Helicobacter pylori-induced tyrosine phosphorylation of IKKβ contributes to NF-κB activation

Helicobacter pylori, the etiological agent of several human gastric diseases, induces the transcription factor nuclear factor-kappa B (NF-kappa B) in colonized epithelial cells leading to the release of proinflammatory mediators. Activation of NF-kappa B involves the I kappa B kinase (IKK)-complex composed of two catalytic subunits, IKK alpha and IKK beta, and a regulatory scaffold protein, IKK gamma. IKK beta was shown to be essential for NF-kappa B activation in response to a variety of stimuli including H. pylori. In addition to the phosphorylation of serine residues, tyrosine phosphorylation could be crucial for IKK beta activation. Here we provide evidence that IKK beta phosphorylation is induced in lipid rafts (DRM fractions) of H. pylori-infected cells, but not TNF alpha-stimulated cells.
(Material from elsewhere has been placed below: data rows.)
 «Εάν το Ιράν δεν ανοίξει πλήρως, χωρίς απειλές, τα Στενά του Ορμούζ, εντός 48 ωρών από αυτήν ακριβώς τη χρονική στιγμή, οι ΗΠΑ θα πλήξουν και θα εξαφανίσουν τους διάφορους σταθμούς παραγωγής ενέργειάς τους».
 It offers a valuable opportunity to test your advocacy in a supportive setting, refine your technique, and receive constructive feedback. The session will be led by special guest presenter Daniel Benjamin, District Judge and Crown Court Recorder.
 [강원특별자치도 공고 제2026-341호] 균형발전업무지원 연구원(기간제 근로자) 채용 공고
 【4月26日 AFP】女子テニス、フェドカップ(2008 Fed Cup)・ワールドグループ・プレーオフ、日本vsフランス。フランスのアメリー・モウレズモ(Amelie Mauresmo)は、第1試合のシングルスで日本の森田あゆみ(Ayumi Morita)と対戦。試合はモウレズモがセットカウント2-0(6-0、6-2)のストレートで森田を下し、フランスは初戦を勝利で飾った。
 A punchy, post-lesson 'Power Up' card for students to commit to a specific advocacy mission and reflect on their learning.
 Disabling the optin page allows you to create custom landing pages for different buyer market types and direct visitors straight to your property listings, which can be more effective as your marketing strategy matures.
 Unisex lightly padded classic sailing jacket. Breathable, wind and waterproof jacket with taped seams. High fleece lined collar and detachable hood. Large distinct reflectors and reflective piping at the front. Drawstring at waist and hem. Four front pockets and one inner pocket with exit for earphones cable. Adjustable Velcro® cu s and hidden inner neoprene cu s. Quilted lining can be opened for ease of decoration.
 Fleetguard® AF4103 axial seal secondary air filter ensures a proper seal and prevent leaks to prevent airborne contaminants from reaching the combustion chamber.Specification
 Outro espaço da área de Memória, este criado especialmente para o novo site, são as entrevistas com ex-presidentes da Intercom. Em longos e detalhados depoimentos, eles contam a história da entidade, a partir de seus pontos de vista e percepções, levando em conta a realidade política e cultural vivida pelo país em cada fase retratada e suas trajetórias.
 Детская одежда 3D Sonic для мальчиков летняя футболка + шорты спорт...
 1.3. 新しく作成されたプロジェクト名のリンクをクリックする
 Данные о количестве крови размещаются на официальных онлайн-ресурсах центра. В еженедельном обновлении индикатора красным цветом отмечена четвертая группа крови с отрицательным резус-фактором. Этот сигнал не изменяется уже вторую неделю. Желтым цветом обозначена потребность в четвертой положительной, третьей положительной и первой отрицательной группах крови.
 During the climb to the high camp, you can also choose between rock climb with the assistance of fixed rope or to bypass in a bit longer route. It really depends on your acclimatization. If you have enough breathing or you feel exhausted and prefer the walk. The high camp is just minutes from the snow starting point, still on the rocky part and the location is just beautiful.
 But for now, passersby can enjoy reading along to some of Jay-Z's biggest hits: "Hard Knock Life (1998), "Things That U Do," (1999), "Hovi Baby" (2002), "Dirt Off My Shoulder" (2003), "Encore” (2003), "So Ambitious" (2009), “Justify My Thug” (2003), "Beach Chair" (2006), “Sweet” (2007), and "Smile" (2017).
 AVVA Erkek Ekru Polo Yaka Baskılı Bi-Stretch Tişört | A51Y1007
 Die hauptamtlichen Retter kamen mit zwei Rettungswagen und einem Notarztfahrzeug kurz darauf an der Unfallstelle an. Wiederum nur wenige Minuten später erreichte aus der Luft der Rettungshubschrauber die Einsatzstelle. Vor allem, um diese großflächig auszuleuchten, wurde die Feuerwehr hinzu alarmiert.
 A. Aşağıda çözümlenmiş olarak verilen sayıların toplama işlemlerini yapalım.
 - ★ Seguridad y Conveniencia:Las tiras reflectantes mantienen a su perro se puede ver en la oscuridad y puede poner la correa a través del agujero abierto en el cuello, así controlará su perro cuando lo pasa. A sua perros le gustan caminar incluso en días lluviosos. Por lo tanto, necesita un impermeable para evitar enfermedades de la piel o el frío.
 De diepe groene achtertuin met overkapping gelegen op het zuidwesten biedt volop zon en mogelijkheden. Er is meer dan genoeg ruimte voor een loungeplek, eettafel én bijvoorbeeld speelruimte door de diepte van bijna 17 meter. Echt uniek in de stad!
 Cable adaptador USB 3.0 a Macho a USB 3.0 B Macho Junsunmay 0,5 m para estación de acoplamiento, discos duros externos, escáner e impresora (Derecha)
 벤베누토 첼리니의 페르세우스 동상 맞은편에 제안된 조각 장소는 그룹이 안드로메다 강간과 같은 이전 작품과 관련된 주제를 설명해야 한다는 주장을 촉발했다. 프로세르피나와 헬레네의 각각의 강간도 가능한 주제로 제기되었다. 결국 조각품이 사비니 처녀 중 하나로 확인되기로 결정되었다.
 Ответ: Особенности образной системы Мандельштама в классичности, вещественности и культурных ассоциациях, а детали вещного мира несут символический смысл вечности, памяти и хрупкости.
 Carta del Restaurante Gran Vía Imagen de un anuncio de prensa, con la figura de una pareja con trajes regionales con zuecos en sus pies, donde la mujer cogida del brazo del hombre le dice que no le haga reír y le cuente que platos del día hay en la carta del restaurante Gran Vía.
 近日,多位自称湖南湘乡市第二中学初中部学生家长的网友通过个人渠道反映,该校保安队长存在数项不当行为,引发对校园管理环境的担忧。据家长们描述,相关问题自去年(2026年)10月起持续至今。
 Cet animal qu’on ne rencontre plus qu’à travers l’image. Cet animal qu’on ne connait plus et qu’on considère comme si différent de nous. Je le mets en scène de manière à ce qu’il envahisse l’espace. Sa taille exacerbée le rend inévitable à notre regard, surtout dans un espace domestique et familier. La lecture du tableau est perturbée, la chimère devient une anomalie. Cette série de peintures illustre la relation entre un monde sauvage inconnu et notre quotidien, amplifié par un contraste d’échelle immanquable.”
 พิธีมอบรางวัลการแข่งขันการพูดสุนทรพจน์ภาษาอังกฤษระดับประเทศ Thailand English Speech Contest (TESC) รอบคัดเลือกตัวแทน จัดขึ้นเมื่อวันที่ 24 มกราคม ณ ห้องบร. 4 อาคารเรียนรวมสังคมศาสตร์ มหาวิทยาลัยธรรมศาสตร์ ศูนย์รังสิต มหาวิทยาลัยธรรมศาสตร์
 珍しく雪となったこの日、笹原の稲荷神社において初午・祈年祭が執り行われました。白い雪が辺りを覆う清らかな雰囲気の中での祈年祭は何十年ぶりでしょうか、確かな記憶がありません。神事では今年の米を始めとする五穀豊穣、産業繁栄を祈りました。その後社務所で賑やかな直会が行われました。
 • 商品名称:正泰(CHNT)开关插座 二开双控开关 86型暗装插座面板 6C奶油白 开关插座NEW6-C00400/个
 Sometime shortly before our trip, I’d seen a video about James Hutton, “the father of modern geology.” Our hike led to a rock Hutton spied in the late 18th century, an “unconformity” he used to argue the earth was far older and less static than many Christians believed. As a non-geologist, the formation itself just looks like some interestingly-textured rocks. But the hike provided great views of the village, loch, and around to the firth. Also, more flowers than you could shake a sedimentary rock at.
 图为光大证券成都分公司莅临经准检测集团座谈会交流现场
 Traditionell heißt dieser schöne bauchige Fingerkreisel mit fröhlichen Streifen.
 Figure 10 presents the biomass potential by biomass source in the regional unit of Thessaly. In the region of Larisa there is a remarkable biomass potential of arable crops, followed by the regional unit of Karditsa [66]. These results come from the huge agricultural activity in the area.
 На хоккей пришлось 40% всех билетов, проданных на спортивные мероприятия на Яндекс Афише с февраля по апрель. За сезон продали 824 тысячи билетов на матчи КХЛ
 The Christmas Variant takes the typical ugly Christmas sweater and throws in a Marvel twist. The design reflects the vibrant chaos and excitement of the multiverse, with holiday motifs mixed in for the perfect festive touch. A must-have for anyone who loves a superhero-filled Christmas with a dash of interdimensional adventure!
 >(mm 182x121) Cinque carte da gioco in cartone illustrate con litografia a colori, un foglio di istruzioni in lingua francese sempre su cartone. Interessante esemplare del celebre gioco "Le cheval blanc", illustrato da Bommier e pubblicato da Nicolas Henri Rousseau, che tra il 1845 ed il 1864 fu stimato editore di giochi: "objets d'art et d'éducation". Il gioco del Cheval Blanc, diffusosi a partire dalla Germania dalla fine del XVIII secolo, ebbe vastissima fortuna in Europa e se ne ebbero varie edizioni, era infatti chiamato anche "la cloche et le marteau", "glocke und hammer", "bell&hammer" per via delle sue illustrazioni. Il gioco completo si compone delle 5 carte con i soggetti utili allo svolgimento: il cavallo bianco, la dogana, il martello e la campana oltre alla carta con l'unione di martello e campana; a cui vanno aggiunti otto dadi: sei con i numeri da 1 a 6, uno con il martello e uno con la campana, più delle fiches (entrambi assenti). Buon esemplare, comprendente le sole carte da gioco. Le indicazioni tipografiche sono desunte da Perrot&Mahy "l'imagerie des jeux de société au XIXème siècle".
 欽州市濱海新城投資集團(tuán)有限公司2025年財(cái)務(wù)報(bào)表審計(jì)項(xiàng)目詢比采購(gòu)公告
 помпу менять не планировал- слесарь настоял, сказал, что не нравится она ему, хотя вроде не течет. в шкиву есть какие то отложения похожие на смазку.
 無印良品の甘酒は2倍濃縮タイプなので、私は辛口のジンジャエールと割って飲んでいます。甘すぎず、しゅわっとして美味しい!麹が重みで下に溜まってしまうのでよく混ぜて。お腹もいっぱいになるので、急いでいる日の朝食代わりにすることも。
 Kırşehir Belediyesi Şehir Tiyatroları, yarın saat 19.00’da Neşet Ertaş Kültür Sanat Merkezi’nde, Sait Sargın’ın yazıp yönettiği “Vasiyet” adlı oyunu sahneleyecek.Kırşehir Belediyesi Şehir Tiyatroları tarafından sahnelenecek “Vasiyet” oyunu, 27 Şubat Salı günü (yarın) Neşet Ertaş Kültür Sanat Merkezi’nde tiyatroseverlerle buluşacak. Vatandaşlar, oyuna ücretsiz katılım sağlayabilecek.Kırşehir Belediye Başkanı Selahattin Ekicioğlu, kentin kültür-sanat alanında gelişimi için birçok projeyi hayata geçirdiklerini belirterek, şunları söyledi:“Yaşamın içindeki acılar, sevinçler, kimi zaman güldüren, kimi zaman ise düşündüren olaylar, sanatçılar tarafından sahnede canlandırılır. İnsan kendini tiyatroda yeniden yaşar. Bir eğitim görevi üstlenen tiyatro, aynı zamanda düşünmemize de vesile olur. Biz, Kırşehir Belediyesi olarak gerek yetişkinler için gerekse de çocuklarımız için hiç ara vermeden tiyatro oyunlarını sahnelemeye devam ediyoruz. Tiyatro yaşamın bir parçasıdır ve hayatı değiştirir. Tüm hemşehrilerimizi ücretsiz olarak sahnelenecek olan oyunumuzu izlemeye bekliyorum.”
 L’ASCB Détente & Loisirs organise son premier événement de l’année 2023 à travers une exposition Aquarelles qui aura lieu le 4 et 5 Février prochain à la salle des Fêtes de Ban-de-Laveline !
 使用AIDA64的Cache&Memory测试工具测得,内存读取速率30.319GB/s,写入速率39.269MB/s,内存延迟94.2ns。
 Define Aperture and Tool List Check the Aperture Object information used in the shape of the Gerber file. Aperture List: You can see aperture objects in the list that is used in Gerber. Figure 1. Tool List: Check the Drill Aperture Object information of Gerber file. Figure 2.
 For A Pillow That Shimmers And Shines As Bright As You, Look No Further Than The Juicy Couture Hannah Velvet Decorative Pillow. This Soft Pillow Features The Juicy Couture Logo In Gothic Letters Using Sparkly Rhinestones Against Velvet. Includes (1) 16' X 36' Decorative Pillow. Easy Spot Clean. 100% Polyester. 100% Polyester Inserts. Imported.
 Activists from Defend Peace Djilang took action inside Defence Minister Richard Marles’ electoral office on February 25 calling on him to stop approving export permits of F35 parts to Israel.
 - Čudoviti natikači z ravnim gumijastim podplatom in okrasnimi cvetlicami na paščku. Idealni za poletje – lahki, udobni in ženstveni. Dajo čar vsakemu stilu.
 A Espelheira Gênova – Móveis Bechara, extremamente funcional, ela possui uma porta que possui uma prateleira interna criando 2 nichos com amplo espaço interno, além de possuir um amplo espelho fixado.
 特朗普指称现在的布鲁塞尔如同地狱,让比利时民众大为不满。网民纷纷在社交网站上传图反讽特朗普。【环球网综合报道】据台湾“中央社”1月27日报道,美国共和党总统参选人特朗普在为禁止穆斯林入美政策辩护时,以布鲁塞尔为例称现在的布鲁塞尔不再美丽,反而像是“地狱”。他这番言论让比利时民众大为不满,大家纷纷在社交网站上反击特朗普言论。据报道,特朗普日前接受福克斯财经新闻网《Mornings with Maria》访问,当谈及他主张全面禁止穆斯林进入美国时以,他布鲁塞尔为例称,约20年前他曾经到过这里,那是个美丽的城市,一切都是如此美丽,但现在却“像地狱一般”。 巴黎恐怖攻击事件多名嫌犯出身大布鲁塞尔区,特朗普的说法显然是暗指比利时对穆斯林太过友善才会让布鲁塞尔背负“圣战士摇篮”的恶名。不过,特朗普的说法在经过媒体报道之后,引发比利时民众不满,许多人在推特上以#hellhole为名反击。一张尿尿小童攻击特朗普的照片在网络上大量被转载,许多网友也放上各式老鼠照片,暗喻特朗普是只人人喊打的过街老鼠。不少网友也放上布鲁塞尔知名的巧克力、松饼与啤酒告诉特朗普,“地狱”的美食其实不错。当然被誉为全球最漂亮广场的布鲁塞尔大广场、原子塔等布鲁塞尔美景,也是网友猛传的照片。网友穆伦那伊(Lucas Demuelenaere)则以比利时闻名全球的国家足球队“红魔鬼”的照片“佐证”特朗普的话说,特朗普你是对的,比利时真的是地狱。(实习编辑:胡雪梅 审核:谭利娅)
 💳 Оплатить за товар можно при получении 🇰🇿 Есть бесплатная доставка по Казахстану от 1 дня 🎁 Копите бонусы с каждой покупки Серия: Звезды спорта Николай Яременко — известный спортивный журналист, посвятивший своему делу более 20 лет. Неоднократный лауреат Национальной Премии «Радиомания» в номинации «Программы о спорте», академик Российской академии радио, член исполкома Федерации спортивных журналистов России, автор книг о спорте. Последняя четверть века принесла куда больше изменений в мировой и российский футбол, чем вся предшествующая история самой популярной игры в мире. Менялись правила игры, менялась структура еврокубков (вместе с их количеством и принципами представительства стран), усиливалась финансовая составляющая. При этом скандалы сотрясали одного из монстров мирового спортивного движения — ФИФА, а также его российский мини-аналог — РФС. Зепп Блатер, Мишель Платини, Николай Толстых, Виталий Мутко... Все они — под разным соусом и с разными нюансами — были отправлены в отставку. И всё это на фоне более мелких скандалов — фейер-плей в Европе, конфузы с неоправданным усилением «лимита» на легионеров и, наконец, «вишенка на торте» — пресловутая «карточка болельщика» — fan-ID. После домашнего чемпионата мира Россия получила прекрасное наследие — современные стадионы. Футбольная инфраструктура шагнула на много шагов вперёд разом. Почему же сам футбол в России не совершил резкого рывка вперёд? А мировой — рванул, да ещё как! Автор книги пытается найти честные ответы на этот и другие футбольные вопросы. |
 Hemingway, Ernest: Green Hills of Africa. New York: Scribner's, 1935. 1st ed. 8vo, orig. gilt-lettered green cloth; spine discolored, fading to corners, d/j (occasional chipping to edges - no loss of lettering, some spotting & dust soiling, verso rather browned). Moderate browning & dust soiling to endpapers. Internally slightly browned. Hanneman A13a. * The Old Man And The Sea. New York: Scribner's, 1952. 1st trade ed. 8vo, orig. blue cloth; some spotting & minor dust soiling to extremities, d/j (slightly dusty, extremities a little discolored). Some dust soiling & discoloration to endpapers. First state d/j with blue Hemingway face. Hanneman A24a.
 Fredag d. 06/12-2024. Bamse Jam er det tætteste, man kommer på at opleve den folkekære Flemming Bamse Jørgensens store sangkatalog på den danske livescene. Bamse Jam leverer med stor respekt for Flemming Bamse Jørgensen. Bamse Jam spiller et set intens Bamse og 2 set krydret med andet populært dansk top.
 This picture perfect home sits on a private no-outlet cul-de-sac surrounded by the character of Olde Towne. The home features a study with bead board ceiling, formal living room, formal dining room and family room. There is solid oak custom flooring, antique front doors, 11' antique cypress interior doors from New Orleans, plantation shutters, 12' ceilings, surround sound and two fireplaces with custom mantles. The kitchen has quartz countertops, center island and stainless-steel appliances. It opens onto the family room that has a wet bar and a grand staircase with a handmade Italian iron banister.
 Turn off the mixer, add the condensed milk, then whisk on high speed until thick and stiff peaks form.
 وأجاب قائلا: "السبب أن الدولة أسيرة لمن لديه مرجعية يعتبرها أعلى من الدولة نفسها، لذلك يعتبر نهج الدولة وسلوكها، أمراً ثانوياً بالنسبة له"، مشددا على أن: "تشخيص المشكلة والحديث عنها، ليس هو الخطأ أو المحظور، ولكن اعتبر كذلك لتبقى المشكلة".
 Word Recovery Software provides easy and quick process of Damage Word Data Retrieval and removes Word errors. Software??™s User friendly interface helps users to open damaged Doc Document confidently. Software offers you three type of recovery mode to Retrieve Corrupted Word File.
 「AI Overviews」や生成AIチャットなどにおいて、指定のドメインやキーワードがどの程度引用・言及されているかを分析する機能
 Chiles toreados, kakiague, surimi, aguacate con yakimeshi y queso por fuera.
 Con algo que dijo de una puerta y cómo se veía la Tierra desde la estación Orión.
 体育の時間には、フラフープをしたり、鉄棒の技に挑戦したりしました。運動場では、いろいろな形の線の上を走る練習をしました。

Furthermore, H. pylori transiently induces binding of IKK beta to c-Src kinase. Inhibition of c-Src by specific inhibitors as well as knockdown of c-Src by small interfering RNA reduced phosphorylation of I kappa B alpha as well as of p65. Thus, tyrosine-phosphorylated IKK beta contributes at least in part to NF-kappa B activation in response to H. pylori infection.